Diagnóstico do câncer de mama

Quanto mais cedo a doença for identificada, maiores são as chances de cura. Veja alguns exames que ajudam na identificação e diagnóstico do câncer de mama:

Mamografia – a partir dos 50 anos, é recomendada a realização de mamografia de rastreamento uma vez a cada dois anos.

Ultrassom das mamas – analisa o tecido mamário e indica lesões e nódulos presentes no local.

Ressonância magnética – esse exame fornece imagens detalhadas de todas as estruturas das áreas do seio.

Biópsia – essa é a única maneira de ter um diagnóstico do câncer de mama definitivo. É removida uma amostra do tecido para análise laboratorial que identificará se é ou não um tumor maligno.

Embora seja muito importante a mulher fazer o autoexame das mamas, apalpando-as para identificar possíveis alterações ou nódulos pelo menos uma vez por mês, isso não ajuda no diagnóstico precoce da doença. Pois, quando o tumor se torna palpável, o câncer de mama não está mais no estágio inicial.

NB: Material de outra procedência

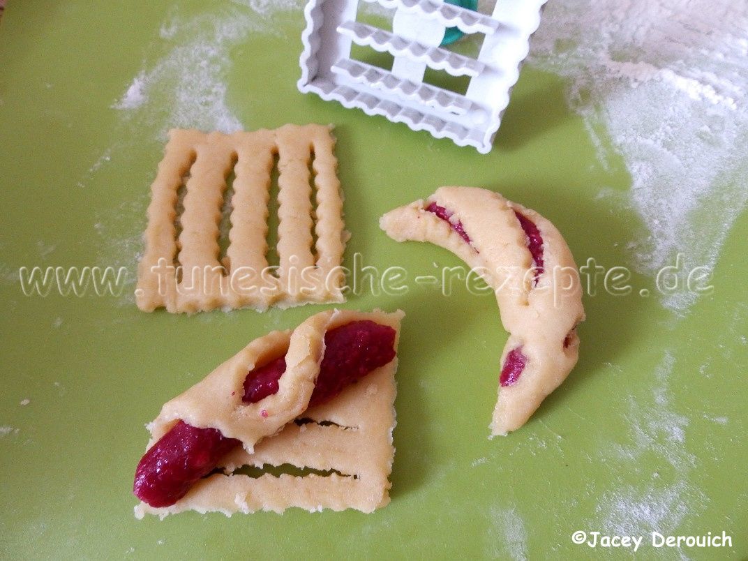 Kaab dial Ghzal (Gazellenhörner) kann man auf die unterschiedlichsten Arten zubereiten. Dieses hier ist eher eine moderne Variante. Ein weiteres Rezept findet ihr hier
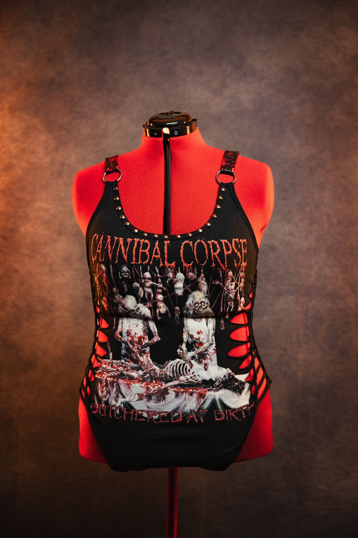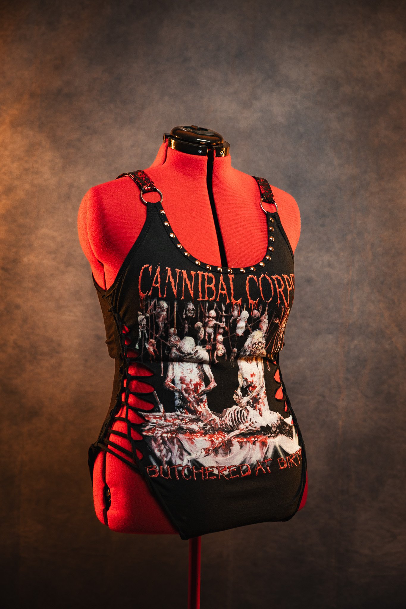 Made using a brand new, officially licensed Cannibal Corpse tee. Cut and sewn into a sexy bodysuit with slashes all over, studded neckline, and shiny blood splattered straps that are also adjustable. snaps at crotch.
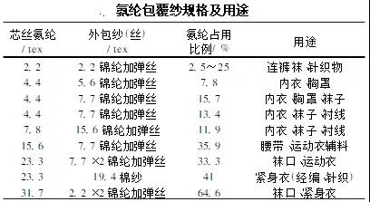 氨綸包覆紗是以氨綸絲為芯,以長絲或短纖維紗線按螺旋形的方式對伸長狀態的氨綸絲予以包覆而形成的彈力紗。
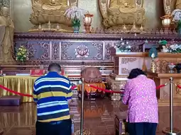 The temple is home to stunning Buddha images, particularly the three Phra Buddha Trairat (San Bao Fo) statues housed in the main chapel, creating a sacred and tranquil atmosphere perfect for worship and meditation. Another highlight is the large Guanyin Bodhisattva statue, enshrining four postures of Guanyin and 32 other stucco statues. The atmosphere is filled with devotion and inspiration.
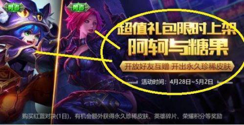 五五开黑节其中的福利之一珍稀皮肤阿珂与糖果将限时上架礼包,为时一个礼拜4月28号至5月2号,玩家们可以通过购买礼包来抽取珍稀永久皮肤。
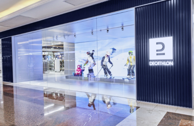 去年年底,迪卡侬在上海环球港开出了一家全新概念店,总共被分为20个展示区的店铺将入口橱窗的“C位”留给了冬季大热的滑雪运动。在LED背景墙播放的雪山画面前,身着全套装备的人体模特摆出了各式滑雪姿势,华丽酷炫又亮眼吸睛。
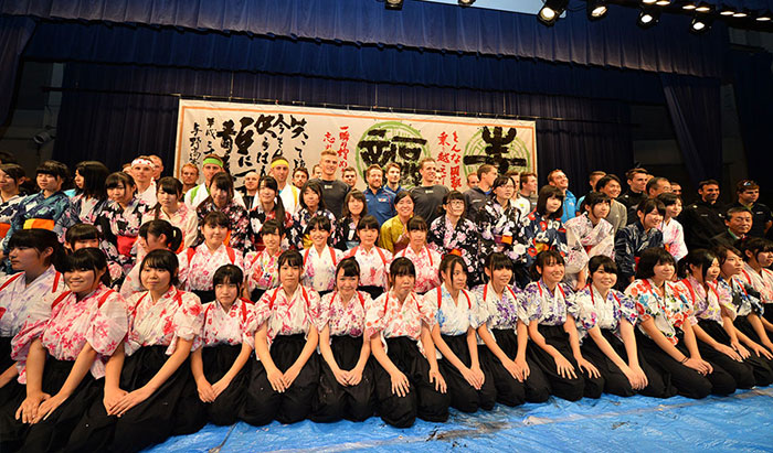 さいたま市内交流会の最後には県立与野高校の生徒たちと日本文化に触れた選手達が笑顔で記念撮影。

Prevenção do câncer de mama

Cerca de 30% dos casos de câncer de mama podem ser evitados com a adoção de alguns hábitos, como:

  • Praticar Exercícios físicos regularmente;
  • Comer alimentos saudáveis;
  • Manter o peso adequado;
  • Evitar o consumo de bebidas alcoólicas;
  • Amamentar, caso tenha filhos.

Tratamento de câncer de mama

Os tratamentos de câncer de mama podem ser divididos em dois tipos, que são os seguintes:

Tratamento local – trata o tumor localmente sem afetar outras partes do corpo e pode ser feito por:

  • Cirurgia – retira o máximo possível do tumor. Pode ser realizada em todos os estágios do câncer e chegar a retirar toda a mama e gânglios próximos, dependendo do caso;
  • Radioterapia – destrói ou dificulta o crescimento das células cancerígenas. Pode ser indicada após casos cirúrgicos.

Tratamento sistêmico – medicamentos administrados por via oral ou injetados na corrente sanguínea. Esses tratamentos afetam todas as áreas do corpo e podem ser feitos por:

  • Quimioterapia – uso de medicamentos para destruir o câncer. É indicada antes e após cirurgias para reduzir as chances de o câncer voltar;
  • Terapia hormonal – impede a ligação de células cancerígenas e hormônios e evita o crescimento do tumor;
  • Terapia alvo – afeta o crescimento das células cancerígenas e impede que elas se espalhem.

É importante analisar com o médico todo o plano de tratamento, que pode envolver um ou mais métodos acima, pois é possível que alguns deles tenham efeitos colaterais agressivos. Saber quais são as opções que oferecem mais chances e o que pode acontecer em cada uma ajuda você a enfrentar o tratamento e a envolver pessoas próximas que possam dar o apoio necessário.